Minutes from December’s meeting stated that a large number of policymakers had initially expressed a preference for a 75 basis-point rate hike. A broad majority eventually backed the decision to raise rates by 50 basis points, but with the promise of a hawkish statement and a further rate hikes.
The Euro did rally to some extent on hawkish minutes and rhetoric, but struggled to hold the gains as the dollar attempted to fight back.
The Philadelphia Fed manufacturing index remained in contraction territory for January with a reading of -8.9, but this was above December’s figure of -13.7 and slightly stronger than consensus forecasts of -11.0. There was net growth in shipments, but new orders contracted at a faster pace on the month. There was a net increase in employment while inflation evidence was mixed as costs increased at a notably slower rate, but prices received increased at a faster pace.
Companies were slightly more optimistic over the outlook, but still notably cautious while pricing pressures are forecast to ease.
The Euro found support below 1.0800 and traded around 1.0820 at the European close before edging higher to 1.0830 on Friday as the dollar drifted lower.
US housing starts declined to an annual rate of 1.38mn for December from a downwardly-revised 1.40mn in November, but slightly above consensus forecasts of 1.35mn. Building permits edged lower to 1.33mn from 1.35mn and slightly below market expectations.
Initial jobless claims declined to 190,000 in the latest week from 205,000 previously and below consensus forecasts of 214,000 while continuing claims edged higher to 1.65mn from 1.63mn which suggested that the labour market was still strong.
Fed Governor Collins stated that it is appropriate to slow the pace of rate hikes with rates needing to go just above 5.00% and then hold them for some time. New York Fed President Williams also stated that the Fed has more work to do on raising rates Treasuries overall edged lower on the day with the 10-year yield edging higher, but still close to 4-month lows. The dollar posted highs at 128.80 after the US data before drifting weaker into the European close.
Fed Vice-Chair Brainard stated that it will take some time and resolve to get inflation down to the 2% target. She added that the slowing in rate hikes allows the Fed to assess more data as it moves policy to sufficiently restrictive levels. She added that there are tentative signs of a slowdown in wages.
The rhetoric overall was little changed, but with a slight hint that sentiment was starting to shift with a greater emphasis on downside risks.
Japan’s national underlying inflation rate increased to 4.0% from 3.7%, in line with consensus forecasts, but the yen lost ground in Asia on Friday with the dollar strengthening to above 129.00 with further choppy trading while the Euro strengthened to near 140.00 before hitting resistance.
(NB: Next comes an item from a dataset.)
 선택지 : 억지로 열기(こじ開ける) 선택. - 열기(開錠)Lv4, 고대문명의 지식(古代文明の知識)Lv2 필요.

Bank of England Governor Bailey stated that the bank is not endorsing a 4.50% peak in interest rates, but the market expectations were out of line in November and that was not the case in December. Bailey was also more optimistic over the prospects of inflation falling this year with the potential for inflation to fall quite rapidly from late spring. The recession was expected to be relatively shallow by historic standards. The overall rhetoric was relatively optimistic.
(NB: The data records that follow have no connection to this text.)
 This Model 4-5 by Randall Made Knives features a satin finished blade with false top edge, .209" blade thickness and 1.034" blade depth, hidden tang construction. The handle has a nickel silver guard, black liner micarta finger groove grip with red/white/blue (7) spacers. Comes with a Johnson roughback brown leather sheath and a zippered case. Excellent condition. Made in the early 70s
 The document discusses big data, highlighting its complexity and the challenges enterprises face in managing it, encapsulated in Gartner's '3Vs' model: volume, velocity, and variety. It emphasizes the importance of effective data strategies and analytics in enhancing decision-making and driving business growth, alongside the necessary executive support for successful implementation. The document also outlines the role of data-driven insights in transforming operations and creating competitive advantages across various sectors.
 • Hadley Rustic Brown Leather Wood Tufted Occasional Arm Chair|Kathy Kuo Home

Sterling overall was able to make headway during the day with hopes that the economy overall would prove resilient. The UK currency strengthened to highs just below 1.2400 against the dollar while the Euro was unable to hold intra-day gains and retreated to 0.8740 from 0.8785 highs.
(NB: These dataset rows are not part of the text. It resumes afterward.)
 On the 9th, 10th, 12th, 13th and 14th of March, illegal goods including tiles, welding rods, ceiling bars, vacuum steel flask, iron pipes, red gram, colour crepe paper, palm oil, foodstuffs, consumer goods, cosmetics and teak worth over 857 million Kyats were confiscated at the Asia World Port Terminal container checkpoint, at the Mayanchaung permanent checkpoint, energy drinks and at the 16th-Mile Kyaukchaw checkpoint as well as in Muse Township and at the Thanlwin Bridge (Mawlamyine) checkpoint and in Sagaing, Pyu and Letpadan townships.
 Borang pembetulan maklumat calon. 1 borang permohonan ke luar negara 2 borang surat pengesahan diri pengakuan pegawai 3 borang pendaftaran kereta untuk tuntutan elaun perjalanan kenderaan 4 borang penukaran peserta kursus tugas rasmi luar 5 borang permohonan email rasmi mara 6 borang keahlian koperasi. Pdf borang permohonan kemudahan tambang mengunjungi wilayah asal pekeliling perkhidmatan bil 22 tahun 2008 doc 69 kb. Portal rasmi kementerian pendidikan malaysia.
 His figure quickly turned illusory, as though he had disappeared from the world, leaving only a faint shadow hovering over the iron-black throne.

The GfK consumer confidence index posted renewed losses for January, reinforcing reservations over the consumer spending outlook. There was also a 1.0% retail sales decline for December, reinforcing unease over near-term trends Sterling retreated to around 1.2360 against the dollar with the Euro around 0.8765.
National Bank Chair Jordan warned that inflation is broader with worsening dynamics and that some further tightening was probably still needed. Despite the hawkish rhetoric, the franc was unable to make headway with markets already pricing in further rate hikes. The Euro edged higher to around 0.9910 and the dollar settled around 0.9160. The franc edged lower on Friday with the dollar around 0.9165 as global equity markets looked to stabilise.